:: What is being asked ::
Your answer should be one number: how many lines below have the word "Film".

Records to use below:

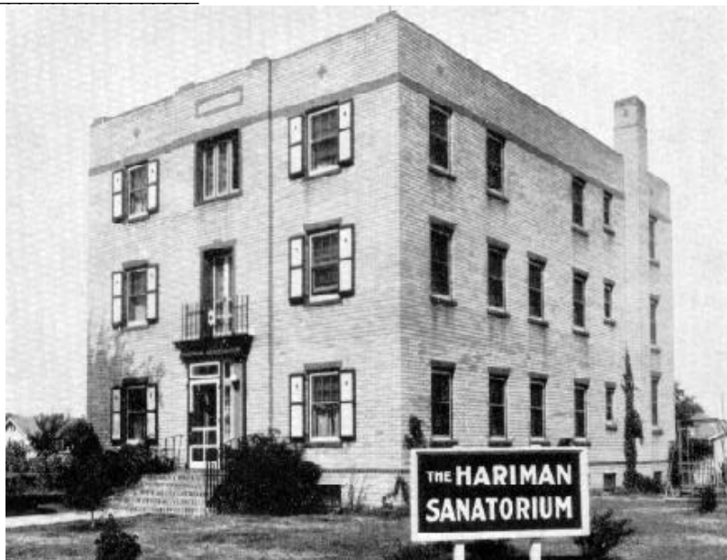
Hariman Sanatorium, Inc., Grand Forks, North Dakota (What, 1938)
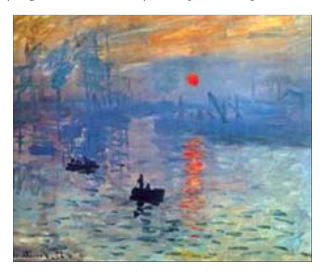
Fig. 1. 'Impression, soleil levant' by Claude Monet, 1872

The poem clearly inscribes itself into the impressionist tradition, given the French title and its paratextual connections evoking Monet's 'Impression, soleil levant' ("Impression, sunrise", 1872, 1. Figure). The painting represents a hazy Le Havre harbour with the vague shapes of boats in the background and the redness of the rising sun. The horizon seems to have disappeared; sky and water have become one, the hues of clouds, mist and sea are merged together in the foggy morning harbour. Among the impressionists, it was Whistler who embodied, for Wilde, the very essence of "cosmopolitan intellectual sophistication" (Sturgis 178). Wilde and Whistler were neighbours in Tite Street, Chelsea which was the geographical epicentre of the new "aesthetic craze" they represented (Cox 71). Situated on the edge of the expanding London city, between the age-old King's Road and the Thames, Tite street and the bohemian inhabitants of its independent studio-houses would soon challenge the values of the age and embody a new aesthetic art and architecture well into the twentieth century (Cox 28). Although Wilde complained that Tite street was a rather "horrid address", in the "Keats House", as he called it, "he was at the centre of an artistic milieu that both nurtured and defined his own identity as an aesthete" (Cox 88). The new intellectual and artistic epoch that originally began in Paris eventually developed in that quarter of Victorian London.
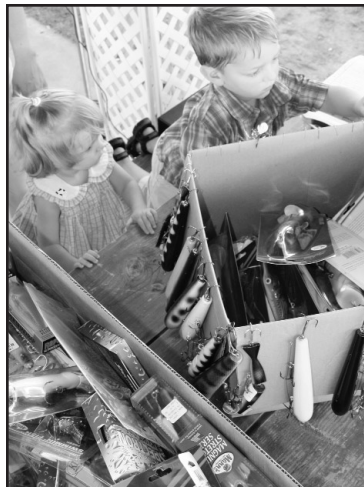
Two attendees at the Awards Banquet and Ceremony looking over just a fraction of the door prizes donated by retailers and manufacturers.
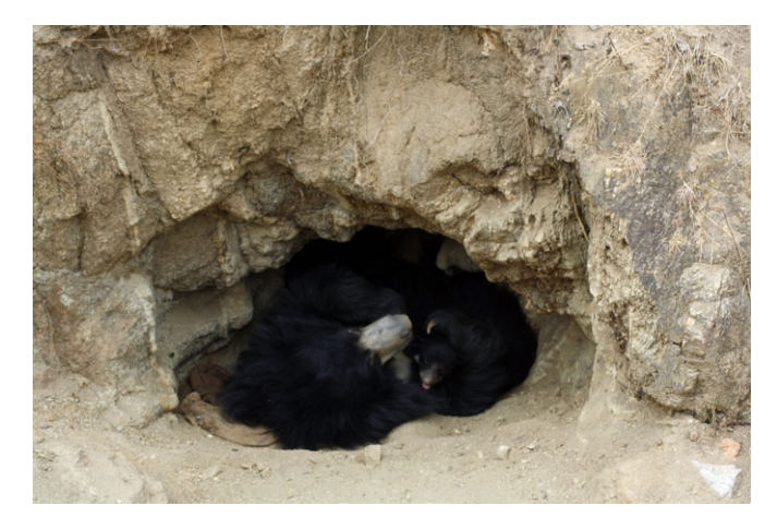
Plate 1. Sloth bear Melursus ursinus (Bear 2-K) with cub in shallow cavity den at Bannerghatta Bear Rescue Centre, India. Wildlife SOS.

Laurie & Seidensticker, 1977; Joshi, 1996; Iswariah, unpubl.) after a period of delayed implantation (Puschmann et al. , 1977). Cubs born in the BBRC were also born during that time period.
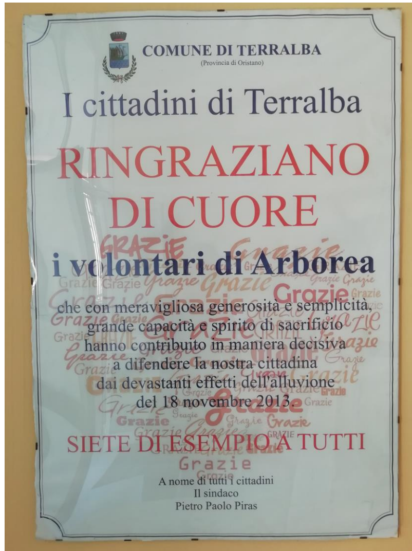
Figure 3: Residents of Terralba contribute a thank-you note to Arborea for generosity and sacrifice that their neighbours showed while defending their village from the devastating effects of flood on 18 November 2013.

solidarity between municipalities. That was the case in the devastating flash flood caused by a heavy rainfall from November 2013, when citizens from Terralba and Arborea worked together to manage the crisis [71] and where the residents of Terralba dedicated a letter of thanks to Arborea for their generosity and help during and after flood (Figure 3).
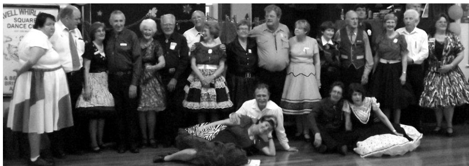
Callers and their Partners at the QCA Gala Dance and Sunshine State Round Up.
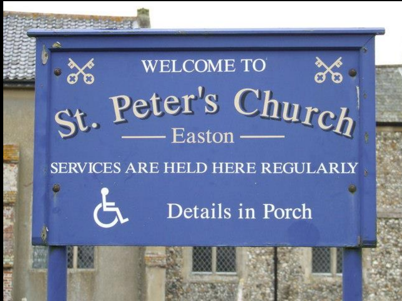
Welcoming Handicapped Information on Church Sign -- St. Peter's, Norfolk, England
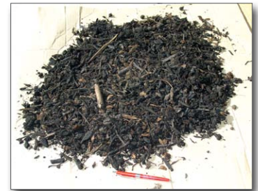
Figure 11. Compost for erosion control on moderate slopes

Figure 5 is too fine for erosion control. Coarser compost should be avoided on slopes that will be landscaped or seeded, as it will make planting and crop establishment more difficult. But coarse and/or thicker compost is recommended for areas with higher annual precipitation or rainfall intensity, and even coarser compost is recommended for areas subject to wind erosion (Alexander 2003).
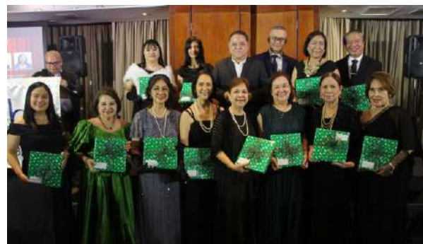
Committee Teamwork – Special Projects Committee
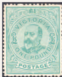
The King turns GREEN

So very clearly new designs COULD be created, engraved, approved and printed with quite commendable speed back then - if the PO wished to act. Victoria and Tasmania both also issued KEVII postal stationary. KEVII died in May 1910. The 'Commonwealth Stamp Design Competition' was not announced until 1911.
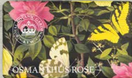
Osmathus Rose KGS0016
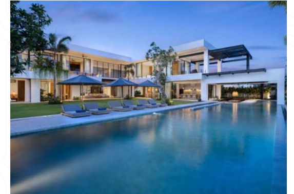
Arita Villa, 6-Bedrooms
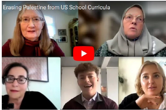
VCHR participated in the VFHL Film Salon: Erasing Palestine from U.S. School Curricula .

On September 10, 2023, VCHR's presentation "The Fight against Israeli Propaganda in Virginia Textbooks" was featured in a Voices from the Holy Land Film Salon titled "Erasing Palestine from U.S. School Curricula."
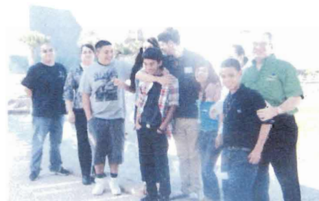
8.15.13 Our next mentor/mentee activity was taking 7 students and mentors to see Les Miserables at the Harbor Playhouse.

4833 Saratoga #447 Corpus Christi, TX 78413 www.helphelp.us
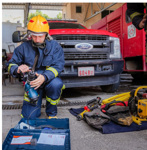
Photo: A firefighter tests new equipment provided by World Vision in the north of the West Bank

Since October 7th, 2023, communities across the West Bank have faced an unprecedented surge in violence, resulting in numerous casualties and widespread destruction. Homes have been set alight, while shops, crops, olive trees, and vehicles have been destroyed, dealing a severe blow to the livelihoods of thousands. The presence of hundreds of checkpoints, roadblocks, and other barriers has made movement nearly impossible – even in emergencies. This has also severely hindered the ability of emergency services – including firefighters and ambulance crews – to respond in a timely manner. In some instances, they have even been targeted while attempting to carry out their duties, further preventing them from fulfilling their life-saving work.
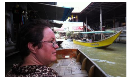
International Conventions, Bangkok Thailand
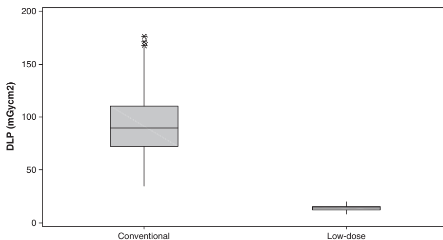
Figure 1 Comparison of the conventional and low-dose lumbar periradicular injection doses.

A total amount of 50 perineural injections were performed in the low-dose protocol at the lumbar spine. Compared to 50 perineural injections performed in the conventional interventional CT-protocol, an average dose reduction of 85.31% could be achieved using the low-dose protocol (see Figure 1 and Table 1). We calculated a mean DLP of 13.87 mGycm 2 (SD = 2.48) for the low-dose CT-protocol cohort (mean age = 57.46 years, range 21-87; 27 females, 23 males; mean BMI = 25.52)
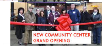
Strategies for Living Free
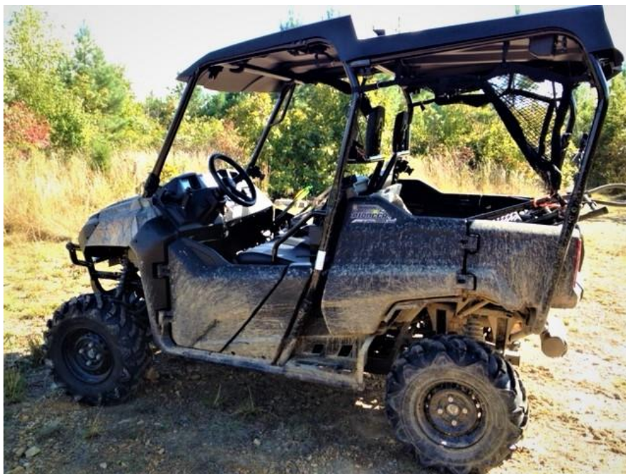
Honda Pioneer on a work day in area clearing up a food plot

Also included in the sale is a Honda Pioneer Side by Side UTV. This UTV has a rear cargo area that easily converts to two bucket seats to allow a total of 4-5 riders. This conversion system is bombproof.
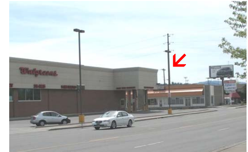
The BAT Exam Facility is located at 125 Sullivan Road, behind the Walgreen's Drug Store.
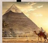
Ancient Egypt 400 BC
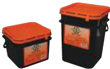
8 lb. pail
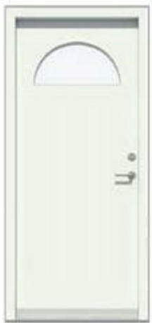
Plain with half round glass
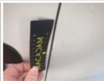
Bumper corner RL, Scratch(es), Repair and paint (complete)
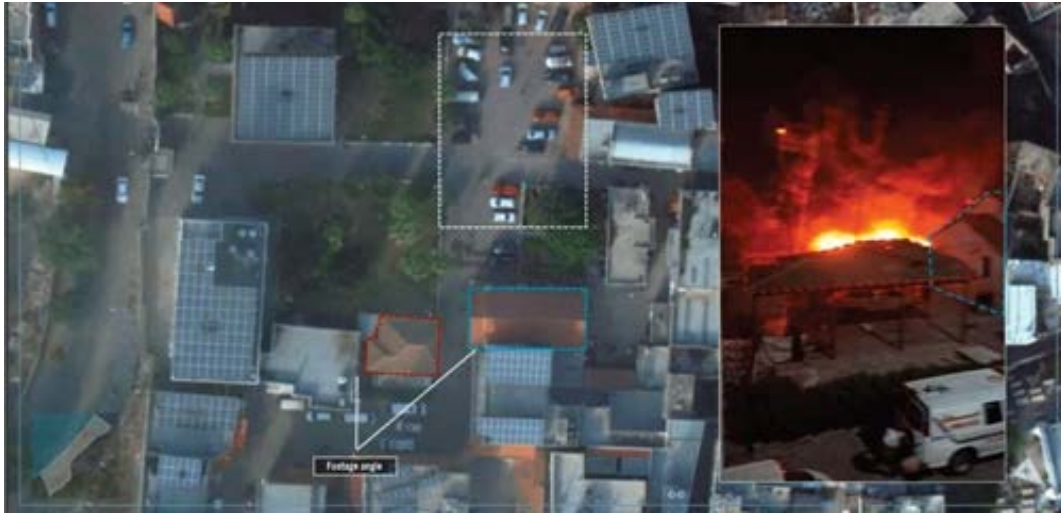
Infrared image of the parking lot. The main impact points and some damage to roofs are visible. There are no craters and none of the walls of the surrounding buildings has collapsed (IDF spokesman, October 18, 2023)

hospital in Gaza. One of them said the debris was from rockets manufactured locally, and "not [like those made by] Israel, adding that "as soon as it was fired, something went wrong and it fell [near the hospital]" (IDF spokesman, October 18, 2023).

End of Records to use.

:: Response ::
2